Enamorados

¡Alerta! un matrimonio desastrozo a la vista

He aquí cinco gotas que derraman el vaso y te acercan irremediablemente al divorcio

Ilia Nuñez
Por Ilia Nuñez
  • Novia llorando.

    Novia llorando.

Nadie que se casa enamorado piensa en divorciarse después, el amor hace que tengamos una esperanza firme de que será para siempre pero luego vienen los problemas que sí pueden golpear muy duro la relación. Los problemas de siempre.

Si no sabemos hacerles frente difícilmente salvaremos una relación golpeada, pues con cada error se quiebra aún más hasta estar en el piso agonizando. Estas son cinco reglas de oro para sanar cualquier matrimonio que va en picada. Mucho ojo para identificar qué es lo que quieres, ¿quieres que dure?, haz lo siguiente:

NO TE DESENAMORES

Tú te enamoraste de la imperfección de esa persona, a lo mejor sin saber que era imperfecta y ese es el problema, que no sabías. Ahora que sabes no te desenamores porque nadie es perfecto, ni nadie será mejor para tí que esa persona a la que elegiste. Por algo la elegiste, averigua y recuerda todos los días porqué. Te va a sonar bastante frívolo lo que te voy a decir a continuación, pero si llevas una buena vida sexual estarás tan cañonamente dopado que verás los problemas como algo insignificante.

Es decir, sonrisa de oreja a oreja todo el santo día.

NO HAGAS RUTINAS

Ya tienes bastante de rutinas, abstente de ser poco creativo en tu relación y aplica este principio en todo lo referente a ella, ¿renacer o morir?, reinventate, cambia, desacostúmbrate pero siempre manteniéndote en una acción, espabílate que si no lo salvas tú, no lo hará nadie por tí.

Tiene mucho, pero mucho que ver con divertirte. Porque siempre regresas a los lugares donde te diviertes.

AFRONTA DIFICULTADES

Irremediablemente las tendrás que afrontar, si te das tiempo para pensar podrías estarlo posponiendo hasta que se haga tan cansado que vas a tirar la toalla, o tu cónyuge.

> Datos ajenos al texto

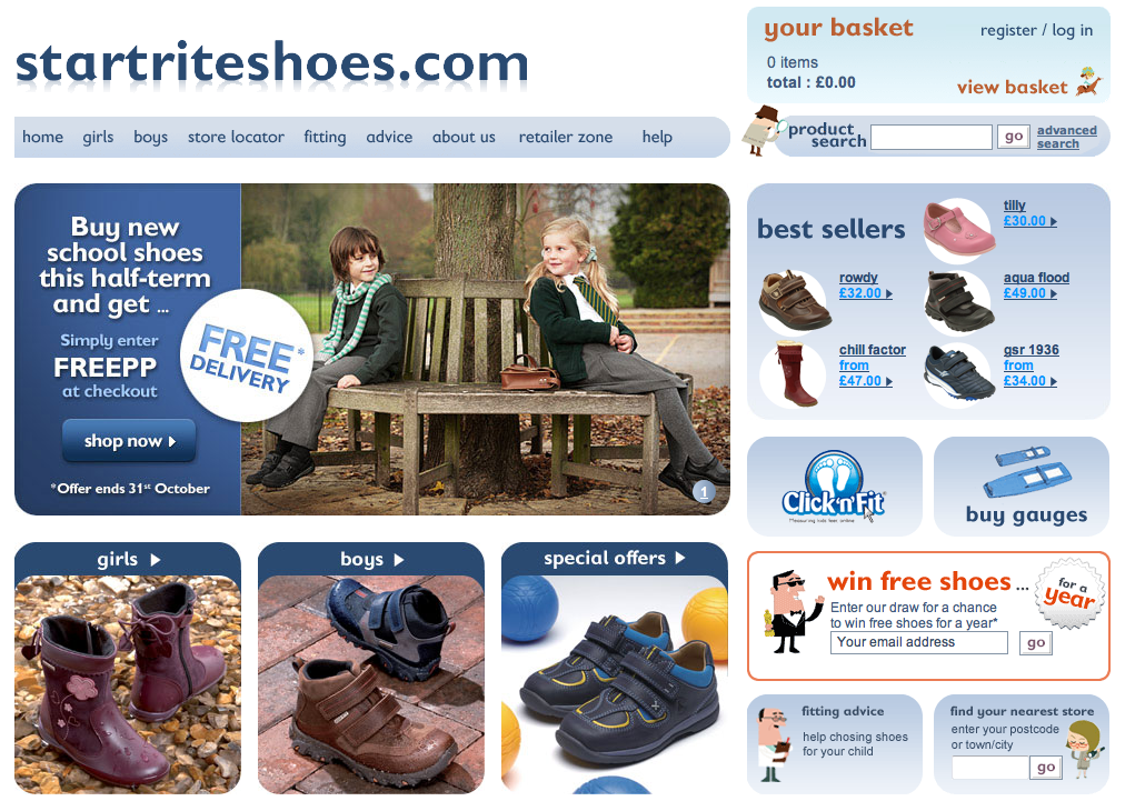 We’re always on the look out for ideas that cross the digital and physical boundary. This week a Dare client told us about his great experience with Startriteshoes.com. He’s a bit older than their target audience, but his kids aren’t, and he has been impressed by their quality and fit. That said, to get hold of the product, parents will undoubtebly know the discomfort of dragging their children out at the weekend to try shoes, only a trip dentist can match the inevitable lack of enthusiasm.

No te des mucho tiempo para asimilar las cosas, aprópiate de lo mejor que puedes sacar de ellas y resuelve de inmediato. El tiempo es muy valioso para que lo desperdicies en dudas.

COMUNÍCATE

Suena muy trillado pero es una regla de oro puro, no quiere decir que hables como perico todo el día sobre todo lo que te pase, lo que comes o dejas de comer. Comunicarse implica también saber escuchar, negociar y llegar a un acuerdo. En la mayoría de casos uno de los dos tiene que ceder un poco para que todo embone.

Eso no significa falta de perspectiva.

PIDE AYUDA

Si no crees que es posible que tú mismo salves tu matrimonio, pide ayuda, a Dios, a alguien de tu confianza, a alguien experto, a alguien que haya pasado por lo mismo que tú.

Pide ayuda a tu pareja también, muchas veces una sola persona soporta la carga de una separación o divorcio mientras la otra ‘bien gracias’, le importa un cacahuate.

Ahí ya es una cuestión de injusticia y tú sabes si deseas vivir de esa manera.